First, it’s important to know thy enemy. Squash bugs overwinter in your garden in plant debris, on logs, and under rocks. Once the warm spring weather hits, the adults emerge to feed and mate. The females then lay copper-colored eggs on the undersides of leaves. Often these eggs are laid in clusters in between leaf veins. In a week or so, the young green nymphs hatch and start feeding on the leaves. They look like miniature versions of the adults, only in a different color. The nymphs and adults suck plant juices from the leaves and stems, causing the plant to collapse. When these insects gather in large numbers, they also attack the fruits, especially pumpkins, causing rotten areas where they have fed.
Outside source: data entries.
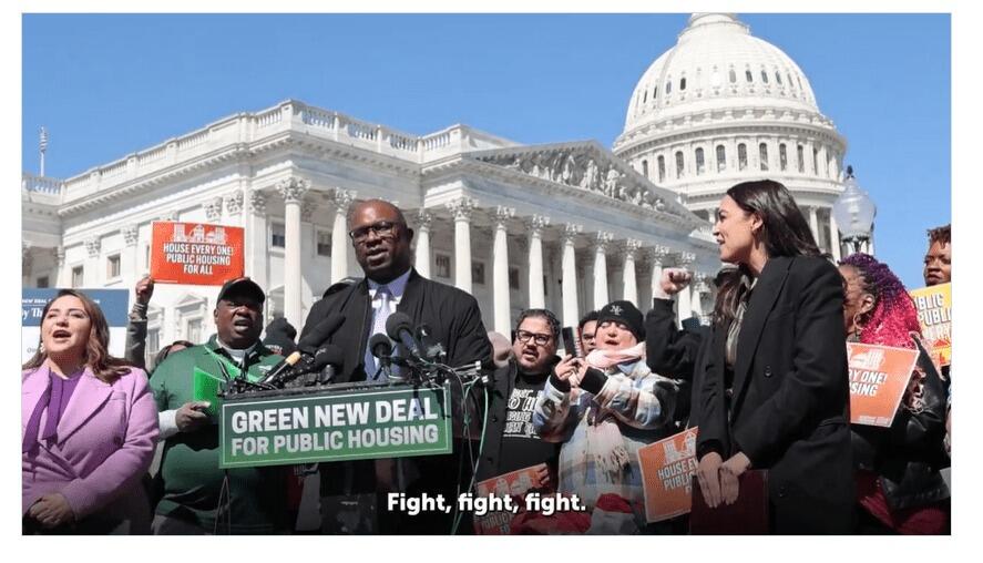AOC says the bill would invest up to $234 billion over a decade into “weatherizing, electrifying, and modernizing our public housing”.
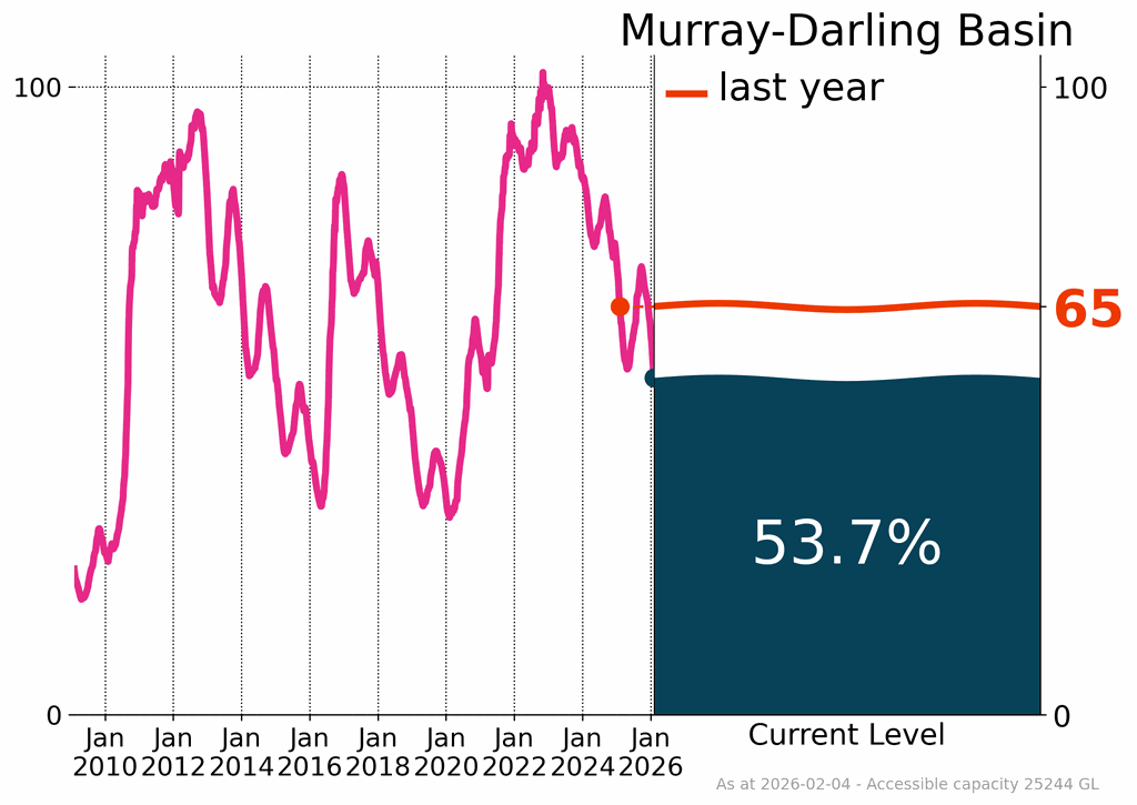 The overall storage volume across the Murray–Darling Basin decreased by 7.4% during January, finishing the month at 53.7% and 11.3% lower than at the same time last year. With dry catchment conditions and increased demand during the irrigation season (October to March), the storage volume decreased in 15 of the 33 storages across the southern Murray–Darling Basin.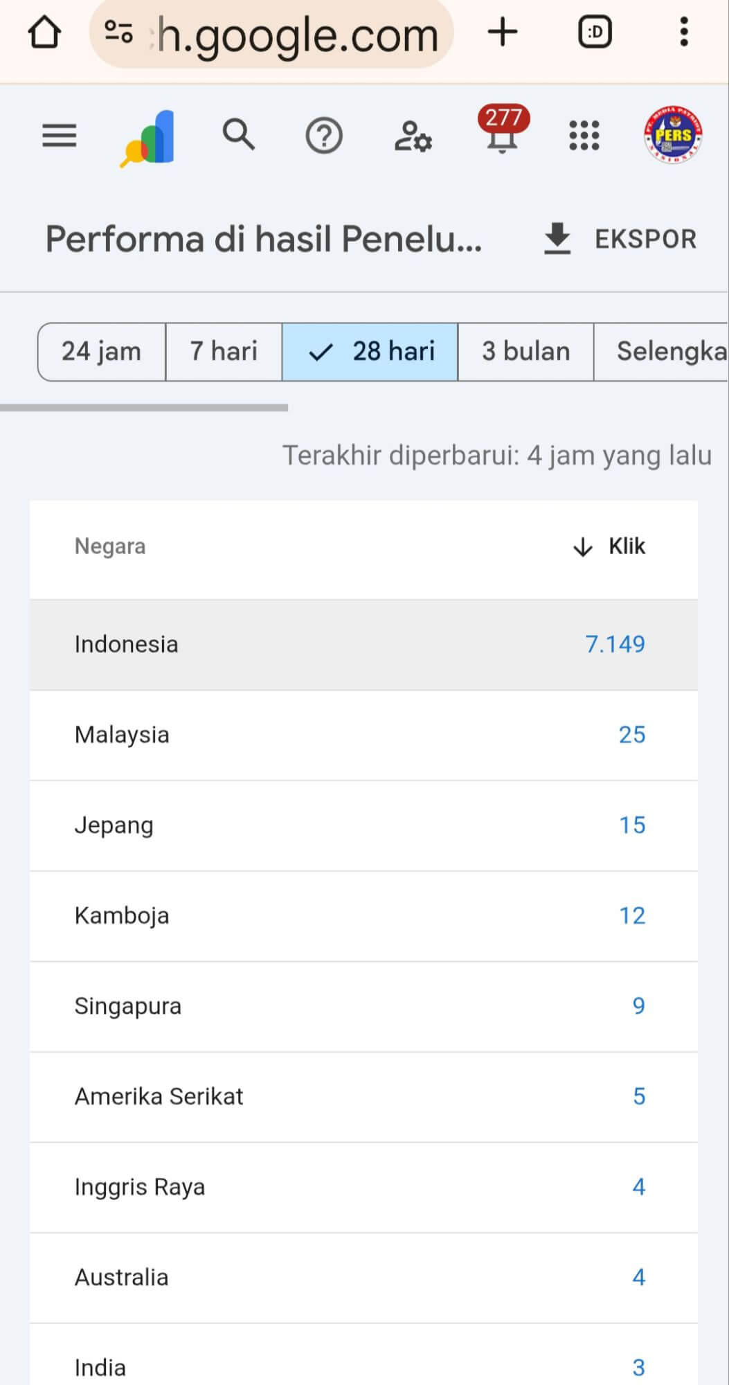 Dalam periode pemantauan terbaru, jumlah klik dan tayangan dari hasil penelusuran Google menunjukkan konsistensi yang baik. Mayoritas trafik masih didominasi oleh pembaca dari Indonesia dengan total 7.149 klik, menandakan kuatnya kepercayaan publik nasional terhadap konten berita yang disajikan Mediapatriot.co.id.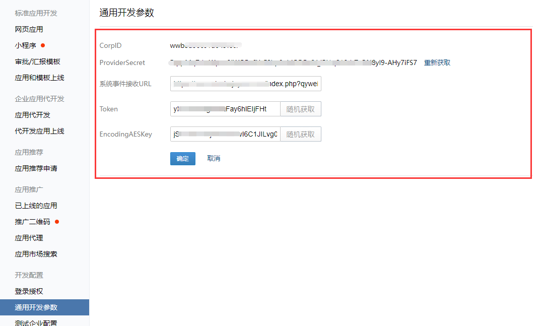 最后点击企业微信通用开发参数里的确认按钮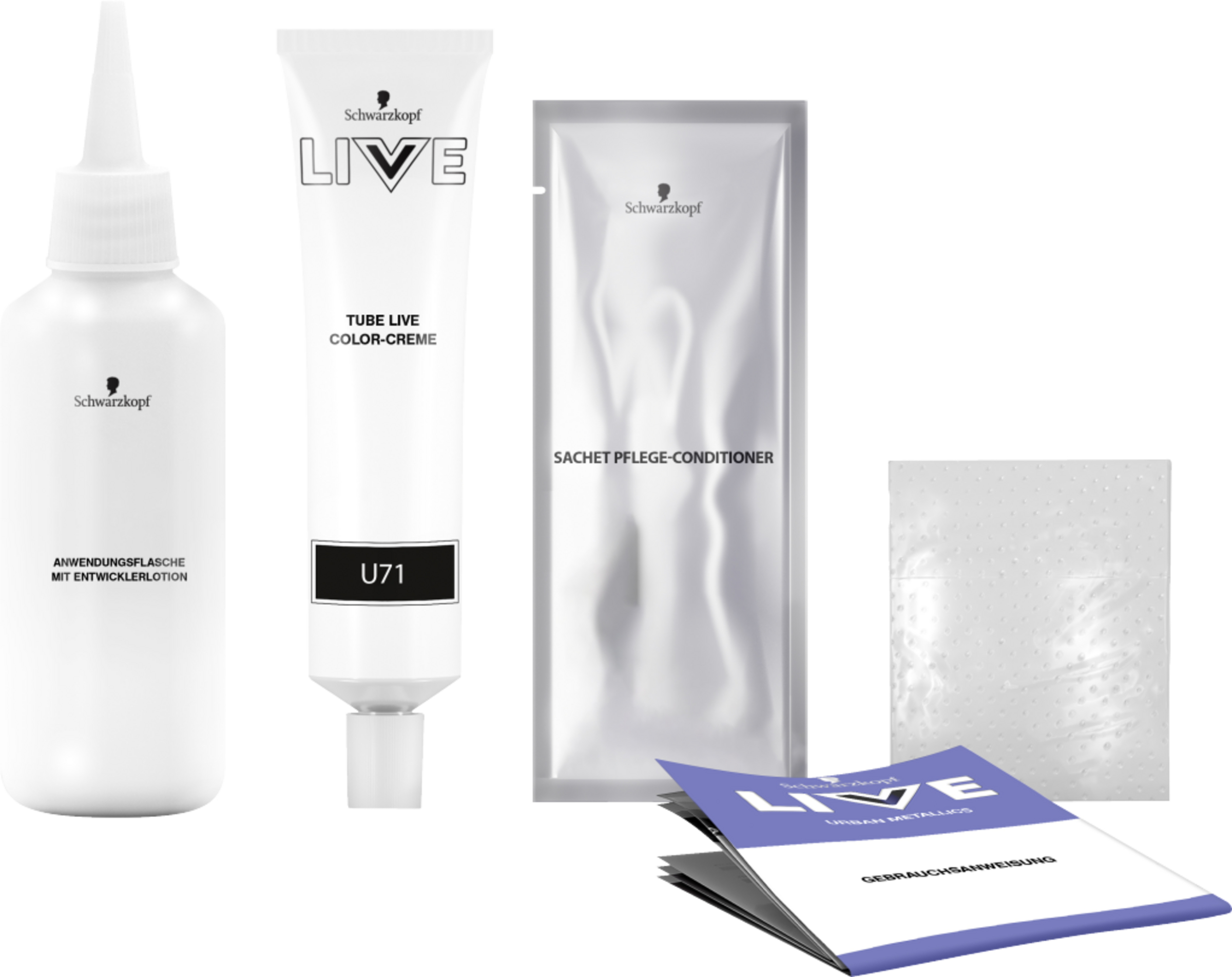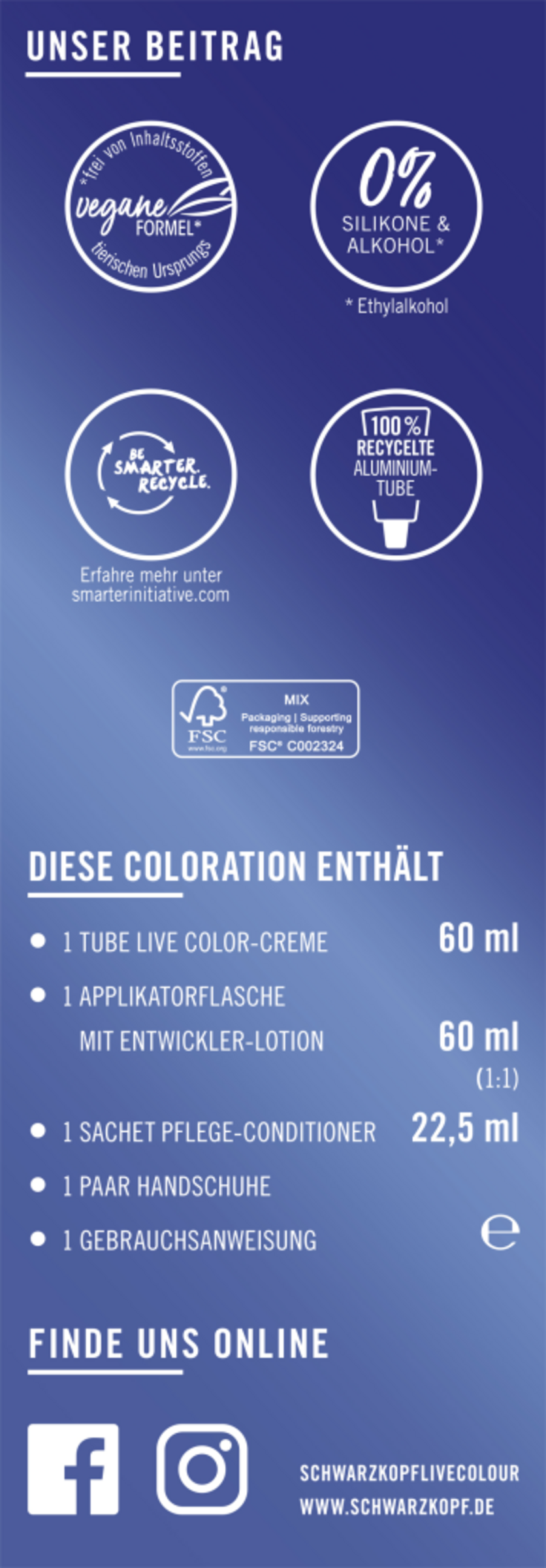 Inhalt: 1 Tube LIVE Color-Creme 60 ml 1 Applikatorflasche mit Entwickler-Lotion 60 ml 1 Sachet Pflege-Conditioner 22,5 ml 1 Paar Handschuhe 1 Gebrauchsanweisung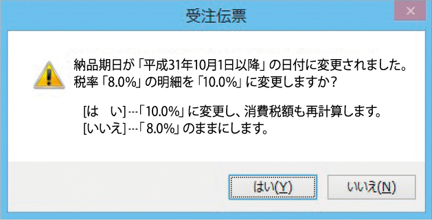 - 伝票日付を修正した際も、確認メッセージの表示で安心
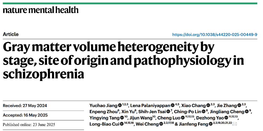 近日,球盟会QMH(中国)官方网站 生物医学工程学院蒋宇超助理教授在国际期刊Nature Mental Health上发表了题为“Gray matter volume heterogeneity by stage,site of origin and pathophysiology in schizophrenia”的研究论文。球盟会QMH(中国)官方网站 蒋宇超助理教授为第一作者,复旦大学冯建峰教授为通讯作者,深圳大学为第一单位。

A second generation of nymphs and adults can occur in warm-summer areas. This allows more nymphs to evolve into adults to overwinter, creating more squash bugs the next year.

To control squash bugs, remove mulch from around the plant, where they can hide. You can also use their propensity to hide in dark places to catch them. Place boards around the base of squash plants, and “harvest” and kill the squash bugs you find under the boards in the morning. Check regularly for the copper-colored eggs on the leaf undersides, and squish them without harming the leaf. In small plantings, handpick the adults and nymphs, and drop them into a pale of soapy water. Using spinosad and pyrethrum sprays when the nymphs are young helps reduce the population. Sprinkling diatomaceous earth around the base of plants also wards the insects off.